Thursday, July 15, 2010

National Art Library

On 15 July our class took a trip to the National Art Library at the Victoria & Albert Museum. The National Art Library is a public reference library with about two million items in its collection. The collection contains books and journals on all aspects of the arts and about 60% of the items are in a foreign language. Although it is a public library, readers must register before they look at materials (cards are valid for three years), and all items must be viewed in the reading rooms. Readers may look up their materials in the online catalogue, or get reference assistance at the enquiry desk. The Library also offers several e-resources, such as JSTOR.

As part of our visit we were given a special behind-the-scenes tour. Seven of us went first to see some special items that had been selected especially for our viewing. Included in these items were a Shakespeare First Folio from 1623, corrected proofs and serialized versions of Charles Dickens' Bleak House, and correspondence from John Edward Millais. I found the most interesting item to be what at first appeared to be an empty snow globe, but when shaken turned out to have words from the Pledge of Allegiance inside. The piece was from 1994. Our guide mentioned that because the collection is so large, the Library tries as much as possible to preserve rather than conserve and we saw several items that had custom archival boxes.

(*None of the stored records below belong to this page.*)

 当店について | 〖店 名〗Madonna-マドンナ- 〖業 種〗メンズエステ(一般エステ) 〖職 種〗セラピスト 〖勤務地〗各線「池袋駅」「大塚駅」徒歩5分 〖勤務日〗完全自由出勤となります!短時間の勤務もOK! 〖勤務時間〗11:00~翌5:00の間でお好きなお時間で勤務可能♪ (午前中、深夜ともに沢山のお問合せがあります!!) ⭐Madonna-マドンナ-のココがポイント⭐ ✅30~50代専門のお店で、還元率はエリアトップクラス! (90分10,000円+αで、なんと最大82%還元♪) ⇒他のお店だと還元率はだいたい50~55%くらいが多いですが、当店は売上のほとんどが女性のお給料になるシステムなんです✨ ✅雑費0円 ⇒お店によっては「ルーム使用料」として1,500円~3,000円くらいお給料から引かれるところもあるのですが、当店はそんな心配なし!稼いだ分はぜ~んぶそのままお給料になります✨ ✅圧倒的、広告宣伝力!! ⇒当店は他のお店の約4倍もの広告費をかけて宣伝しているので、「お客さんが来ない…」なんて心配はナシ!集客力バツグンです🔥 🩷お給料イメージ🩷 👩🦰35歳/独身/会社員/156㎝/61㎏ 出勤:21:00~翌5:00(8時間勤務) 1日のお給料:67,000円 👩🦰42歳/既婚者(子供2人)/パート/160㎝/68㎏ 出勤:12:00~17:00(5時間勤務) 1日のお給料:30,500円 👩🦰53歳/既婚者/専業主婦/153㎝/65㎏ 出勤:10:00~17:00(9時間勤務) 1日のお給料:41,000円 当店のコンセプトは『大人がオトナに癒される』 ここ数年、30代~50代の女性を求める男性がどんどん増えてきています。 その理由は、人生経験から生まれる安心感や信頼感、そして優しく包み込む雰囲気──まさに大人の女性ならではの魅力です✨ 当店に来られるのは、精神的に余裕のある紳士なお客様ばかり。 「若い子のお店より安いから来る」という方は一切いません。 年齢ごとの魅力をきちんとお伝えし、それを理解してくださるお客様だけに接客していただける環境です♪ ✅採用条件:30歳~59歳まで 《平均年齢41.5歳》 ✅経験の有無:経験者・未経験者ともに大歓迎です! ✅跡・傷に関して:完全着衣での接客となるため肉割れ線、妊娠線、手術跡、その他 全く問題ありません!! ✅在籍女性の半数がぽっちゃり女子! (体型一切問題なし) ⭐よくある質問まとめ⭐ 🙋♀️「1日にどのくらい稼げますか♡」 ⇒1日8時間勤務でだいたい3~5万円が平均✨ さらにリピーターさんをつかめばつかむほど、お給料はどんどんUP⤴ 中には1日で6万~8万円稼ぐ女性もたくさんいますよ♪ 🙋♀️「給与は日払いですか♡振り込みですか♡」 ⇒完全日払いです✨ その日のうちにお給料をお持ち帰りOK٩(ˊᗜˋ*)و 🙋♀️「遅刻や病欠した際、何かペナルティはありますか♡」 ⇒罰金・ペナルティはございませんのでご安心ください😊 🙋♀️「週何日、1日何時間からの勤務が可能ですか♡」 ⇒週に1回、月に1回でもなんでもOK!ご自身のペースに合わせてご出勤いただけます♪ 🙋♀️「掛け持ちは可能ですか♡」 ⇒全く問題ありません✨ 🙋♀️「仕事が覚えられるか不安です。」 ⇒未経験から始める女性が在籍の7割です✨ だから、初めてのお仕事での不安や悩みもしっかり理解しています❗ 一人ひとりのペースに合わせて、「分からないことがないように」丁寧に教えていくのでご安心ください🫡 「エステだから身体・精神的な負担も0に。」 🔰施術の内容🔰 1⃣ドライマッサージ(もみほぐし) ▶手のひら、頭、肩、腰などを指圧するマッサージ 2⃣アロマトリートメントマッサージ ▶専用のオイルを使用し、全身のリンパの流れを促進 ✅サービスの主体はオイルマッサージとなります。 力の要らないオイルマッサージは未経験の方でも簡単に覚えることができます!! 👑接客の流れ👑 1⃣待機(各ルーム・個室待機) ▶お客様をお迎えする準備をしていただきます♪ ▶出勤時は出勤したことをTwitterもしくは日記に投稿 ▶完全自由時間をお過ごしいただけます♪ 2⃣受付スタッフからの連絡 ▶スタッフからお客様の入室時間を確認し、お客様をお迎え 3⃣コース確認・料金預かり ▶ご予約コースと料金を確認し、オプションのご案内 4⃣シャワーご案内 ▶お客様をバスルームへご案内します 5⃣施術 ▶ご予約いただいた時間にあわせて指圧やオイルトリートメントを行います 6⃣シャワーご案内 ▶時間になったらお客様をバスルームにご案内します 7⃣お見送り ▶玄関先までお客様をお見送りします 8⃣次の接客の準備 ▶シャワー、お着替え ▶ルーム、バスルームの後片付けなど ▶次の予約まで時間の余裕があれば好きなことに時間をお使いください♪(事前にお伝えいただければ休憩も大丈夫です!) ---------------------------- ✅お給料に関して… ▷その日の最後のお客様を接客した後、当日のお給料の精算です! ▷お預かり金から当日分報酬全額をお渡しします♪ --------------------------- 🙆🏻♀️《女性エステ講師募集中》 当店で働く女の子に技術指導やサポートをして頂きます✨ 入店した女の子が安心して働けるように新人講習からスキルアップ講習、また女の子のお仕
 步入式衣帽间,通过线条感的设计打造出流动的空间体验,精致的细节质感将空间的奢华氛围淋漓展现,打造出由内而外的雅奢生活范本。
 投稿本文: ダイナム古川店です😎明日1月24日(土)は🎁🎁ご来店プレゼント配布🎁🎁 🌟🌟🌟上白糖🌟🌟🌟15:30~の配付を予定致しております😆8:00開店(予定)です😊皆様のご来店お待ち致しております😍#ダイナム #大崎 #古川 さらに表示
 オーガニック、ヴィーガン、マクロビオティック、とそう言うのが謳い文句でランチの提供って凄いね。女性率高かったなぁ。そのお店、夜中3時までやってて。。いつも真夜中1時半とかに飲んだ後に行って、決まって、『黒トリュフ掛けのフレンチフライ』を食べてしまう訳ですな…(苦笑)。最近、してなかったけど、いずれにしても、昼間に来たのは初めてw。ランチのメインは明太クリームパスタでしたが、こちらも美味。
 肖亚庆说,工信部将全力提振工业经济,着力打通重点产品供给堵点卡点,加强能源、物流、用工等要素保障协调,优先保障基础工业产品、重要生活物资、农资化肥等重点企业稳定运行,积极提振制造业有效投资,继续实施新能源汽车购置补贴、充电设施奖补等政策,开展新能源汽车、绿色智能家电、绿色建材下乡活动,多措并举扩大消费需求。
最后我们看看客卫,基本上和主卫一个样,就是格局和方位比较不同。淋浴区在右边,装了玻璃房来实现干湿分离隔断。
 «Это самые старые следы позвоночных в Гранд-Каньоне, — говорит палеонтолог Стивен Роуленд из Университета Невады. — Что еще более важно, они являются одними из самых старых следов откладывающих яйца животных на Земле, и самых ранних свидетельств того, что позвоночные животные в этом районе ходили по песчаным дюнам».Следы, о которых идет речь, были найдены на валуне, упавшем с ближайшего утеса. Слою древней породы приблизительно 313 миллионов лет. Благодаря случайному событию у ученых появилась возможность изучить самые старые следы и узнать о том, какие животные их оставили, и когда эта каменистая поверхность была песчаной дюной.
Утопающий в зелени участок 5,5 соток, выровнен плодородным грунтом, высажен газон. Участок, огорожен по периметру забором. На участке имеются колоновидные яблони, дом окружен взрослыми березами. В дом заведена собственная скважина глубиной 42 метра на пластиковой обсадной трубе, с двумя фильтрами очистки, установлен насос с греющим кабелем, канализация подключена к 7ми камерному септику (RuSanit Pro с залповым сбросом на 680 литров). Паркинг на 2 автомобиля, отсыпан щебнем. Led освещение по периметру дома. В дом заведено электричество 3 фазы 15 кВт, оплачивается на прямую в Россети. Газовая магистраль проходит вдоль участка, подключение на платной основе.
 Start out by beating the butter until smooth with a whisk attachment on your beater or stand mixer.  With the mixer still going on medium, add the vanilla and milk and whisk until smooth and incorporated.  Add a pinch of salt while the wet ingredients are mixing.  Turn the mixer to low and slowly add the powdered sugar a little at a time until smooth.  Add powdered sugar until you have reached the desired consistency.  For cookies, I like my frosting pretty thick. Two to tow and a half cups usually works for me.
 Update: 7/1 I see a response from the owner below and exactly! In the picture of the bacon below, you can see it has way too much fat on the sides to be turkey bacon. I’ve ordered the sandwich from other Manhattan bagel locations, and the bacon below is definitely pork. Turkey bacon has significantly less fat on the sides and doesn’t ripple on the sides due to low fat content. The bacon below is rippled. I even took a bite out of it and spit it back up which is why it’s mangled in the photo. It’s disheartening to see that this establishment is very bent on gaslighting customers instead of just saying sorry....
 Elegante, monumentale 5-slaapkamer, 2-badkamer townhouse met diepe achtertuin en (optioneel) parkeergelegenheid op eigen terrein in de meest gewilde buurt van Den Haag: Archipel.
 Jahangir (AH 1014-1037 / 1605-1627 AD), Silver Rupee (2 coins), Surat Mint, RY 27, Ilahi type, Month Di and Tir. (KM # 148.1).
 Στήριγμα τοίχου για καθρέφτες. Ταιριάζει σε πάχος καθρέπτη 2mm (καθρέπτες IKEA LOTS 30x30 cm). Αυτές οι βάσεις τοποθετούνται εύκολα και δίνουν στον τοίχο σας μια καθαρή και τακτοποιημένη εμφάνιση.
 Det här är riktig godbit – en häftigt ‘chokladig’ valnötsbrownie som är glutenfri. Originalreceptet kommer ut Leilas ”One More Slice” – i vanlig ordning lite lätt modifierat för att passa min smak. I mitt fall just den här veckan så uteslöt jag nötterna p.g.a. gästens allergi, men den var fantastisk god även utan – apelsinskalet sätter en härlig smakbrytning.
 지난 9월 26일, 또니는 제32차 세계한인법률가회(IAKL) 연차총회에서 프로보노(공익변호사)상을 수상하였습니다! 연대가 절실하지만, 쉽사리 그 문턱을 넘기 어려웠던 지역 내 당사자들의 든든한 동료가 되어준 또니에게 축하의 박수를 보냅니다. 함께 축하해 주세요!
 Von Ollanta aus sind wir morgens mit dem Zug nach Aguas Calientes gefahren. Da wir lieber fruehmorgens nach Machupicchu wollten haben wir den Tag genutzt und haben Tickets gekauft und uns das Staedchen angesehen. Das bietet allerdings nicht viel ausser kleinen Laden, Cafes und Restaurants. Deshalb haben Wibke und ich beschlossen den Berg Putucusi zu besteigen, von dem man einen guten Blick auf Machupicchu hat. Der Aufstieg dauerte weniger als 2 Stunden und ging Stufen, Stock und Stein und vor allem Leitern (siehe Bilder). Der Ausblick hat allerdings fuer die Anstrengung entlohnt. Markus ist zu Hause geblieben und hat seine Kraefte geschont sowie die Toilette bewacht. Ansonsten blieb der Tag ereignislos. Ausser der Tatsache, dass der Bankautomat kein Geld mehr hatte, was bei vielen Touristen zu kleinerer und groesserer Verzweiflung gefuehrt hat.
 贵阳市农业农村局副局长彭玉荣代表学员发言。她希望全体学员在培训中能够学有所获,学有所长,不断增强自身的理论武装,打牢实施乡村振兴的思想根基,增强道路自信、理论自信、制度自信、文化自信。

After viewing those treasures, we went into the stacks. With the exception of the archives, all of the Library's collections were on site. Due to the large size of the collection, items were housed everywhere, some above the regular museum collections, and others above the bookshelves or in cupboards. The two beautiful main reading rooms had books on the main floor as well as in galleries above. A third room featuring part of the museum's collection also had a gallery. Hidden from view were two floors of stacks. While items had call numbers attached, they were shelved according to size to maximize space. Requested items are fetched by one of the sixty members of staff every half an hour.

At the end of the tour we were free to leave. I stayed in the museum for about an hour, visiting the shop and the Medieval and Renaissance collections. Afterward I took the tube to Covent Garden to browse.

Photo courtesy of the National Art Library.


  1. How did you like Covent Garden?

    Also, I'm curious about the items being shelved according to size yet having call numbers. How do the staff locate the items?

  2. Covent Garden was great, there was always some kind of public performance happening. On a later visit, a classmate and I went back and went into a shop to have a cupcakes. Just as we entered a pigeon flew in and got confused. It was rather frightening but also sad.

    I am not quite sure about the specifics of locating items, but I know there is a way.